To get some idea of the battle that goes on between the mayor and the police union, here is a story that was reported about a year ago.

In open defiance of Minneapolis Mayor Jacob Frey, the union that represents the city’s roughly 900 rank-and-file police officers announced that it is partnering with a national police organization to offer free “warrior-style” training for any officer who wants it…

The announcement comes in response to Frey’s ban of the popular training style, which he first revealed in his State of the City address last week. Frey said at the time that Minneapolis would become the first department in the country to eliminate “fear-based” training…

Many policing agencies, including Minneapolis’, are moving toward “guardian”-oriented tactics, which focus on de-escalating tense situations and use of deadly force as a last resort.
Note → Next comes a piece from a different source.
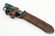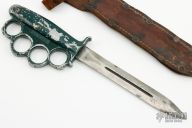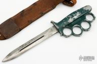 Pattern 1 Everitt trench knife in green.  WWII vintage this piece is in very good condition with about 75% paint retention on handle.  Blade has obviously seen use but in very good condition for the age. Original sheath with all rivets, grommets, and snaps in place. Very hard to find!

But opponents of this approach argue that such techniques endanger officers’ lives by teaching them to let their guard down.

So the mayor banned the use of this “warrior-style” training, with concurrence from the city’s police chief. But the union defied the ban and subsidized the training for officers anyway. It is also the police union that has defended Officer Derek Chauvin, the one who kept his knee on George Floyd’s neck for over seven minutes, when he was the target of 18 prior complaints.

I am sympathetic to those who claim that officers like Chauvin are the “bad apples” in departments where honorable men and women serve. I’ve personally known police officers who earned the title of being peace officers. But as they say, “the fish rots from the head,” and it is clear that the police union in Minneapolis went rogue a long time ago.

It is also worth noting that there is a political angle to all of this. Not only did Trump tweet that Mayor Frey is “very weak,” he went on to blast out the threat of “when the looting starts, the shooting starts.” I suspect that the president remembers what happened when he came to Minneapolis last fall.